Teresa Ribera, ministre socialiste espagnole de l’environnement, a déclaré au Financial Times que certains agriculteurs étaient confrontés à un « risque réel de réputation » alors qu’un groupe d’activistes allemands fait campagne pour le boycott de ce qu’il a surnommé « les fraises de la sécheresse ».

Le différend est enraciné dans la législation proposée par le gouvernement conservateur d’Andalousie, qui, selon les critiques, légaliserait jusqu’à 1 000 puits illégaux utilisés par les agriculteurs et menacerait de drainer l’une des zones humides les plus importantes d’Europe, Doñana.

Cela survient alors que la pénurie d’eau est un problème de plus en plus critique pour l’Europe, où les températures augmentent plus rapidement que sur tout autre continent et où les tensions augmentent entre les multiples utilisateurs de l’eau et les demandes de protection de l’environnement.

Le conflit attise les tensions entre le Parti socialiste au pouvoir et le Parti populaire conservateur. Le Premier ministre Pedro Sánchez a convoqué la semaine dernière des élections législatives anticipées au lendemain d’une cuisante défaite aux élections régionales aux mains du PP, qui a gagné dans plusieurs régions précédemment détenues par les socialistes.

Ribera, qui est également vice-Premier ministre, a déclaré que le plan andalou « générait la panique ». Elle a accusé le président régional Juan Manuel Moreno Bonilla d' »ambiguïté calculée » pour avoir laissé entendre que les agriculteurs pouvaient utiliser toute l’eau qu’ils voulaient sans reconnaître que cela épuiserait les eaux souterraines de Doñana.

La proposition a incité Campact, un groupe militant allemand de gauche, à demander aux grandes chaînes de supermarchés telles que Lidl et Aldi de cesser d’acheter des produits cultivés autour de Doñana, une partie de la province andalouse de Huelva, productrice de baies.

Le groupe affirme que l’Espagne risque un désastre afin de cultiver des fraises bon marché pour les consommateurs allemands et une pétition en ligne qu’il a lancée a attiré environ 160 000 signatures. Après l’Allemagne, qui a importé 196 millions d’euros de fraises espagnoles l’an dernier, les principaux marchés d’exportation du secteur sont le Royaume-Uni, la France et l’Italie.

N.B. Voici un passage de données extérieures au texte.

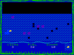 Вы управляете подводной лодкой, которая должна проплывать экран за экраном, избегая глубинных бомб и по возможность собирая горючее.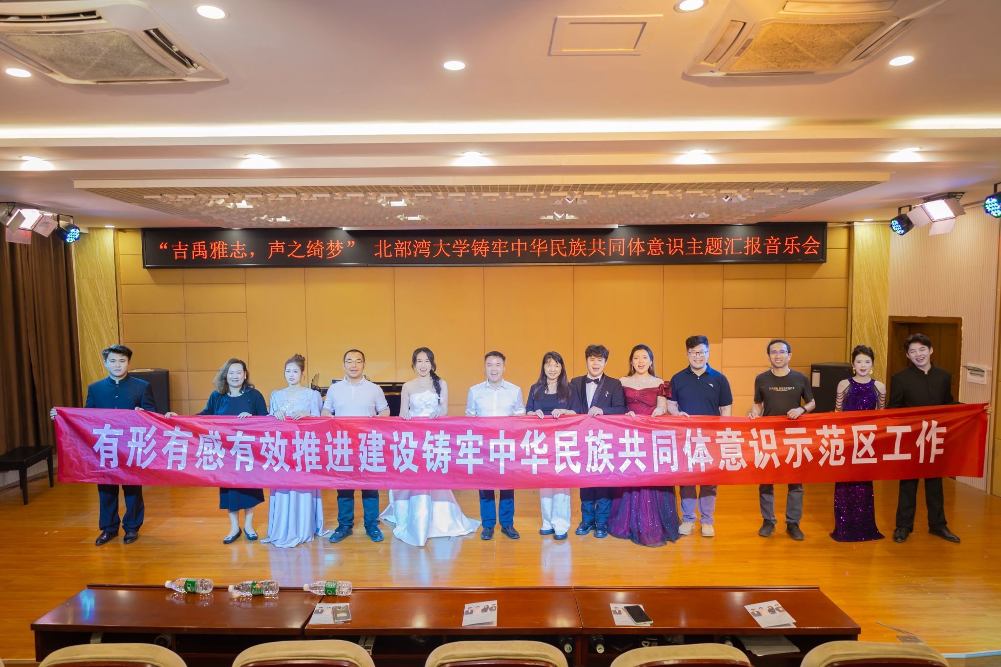 4月25日晚,由学校党委统战部主办,音乐舞蹈学院、民盟bw必威西汉姆联官方网站支部承办的铸牢中华民族共同体意识主题音乐会在2号教学楼107展演厅举行。校党委常委、统战部部长黎树式及音乐舞蹈学院党委副书记、院长曾美良,统战部副部长黄玮出席音乐会。来自音乐舞蹈学院的学生用他们美妙的歌声完美演绎民族歌曲和艺术歌曲,以音乐为媒,共话民族团结,传承文化根脉,充分展现了新时代青年学子昂扬向上的精神风貌。(陈宇键 摄)音舞学生倾情演唱演出合影...

Ribera s’est dite profondément préoccupée par l’appel au boycott. « Les producteurs de fraises en Espagne qui respectent la loi, qui ont des droits sur l’eau, ne méritent pas le risque de réputation que représente la décision de Moreno Bonilla », a-t-elle déclaré.

La ministre de l’Environnement, Teresa Ribera, déclare que les exportations de fraises sont menacées © Susana Vera/Reuters

Aggravant la situation, 35% de l’Espagne – y compris Huelva – est au milieu d’une « sécheresse prolongée », selon le gouvernement central.

Le commissaire européen à l’environnement Virginijus Sinkevičius, qui accentue l’attention du bloc sur la pénurie d’eau, s’est rendu à Doñana en avril pour montrer son soutien au gouvernement central dans son opposition à la loi andalouse. Son voyage a rapidement été critiqué comme politique par le Parti populaire européen, dont le PP espagnol est membre, qui l’a accusé de faire campagne pour les socialistes. Sinkevičius, qui est un politicien vert lituanien, a nié ces affirmations.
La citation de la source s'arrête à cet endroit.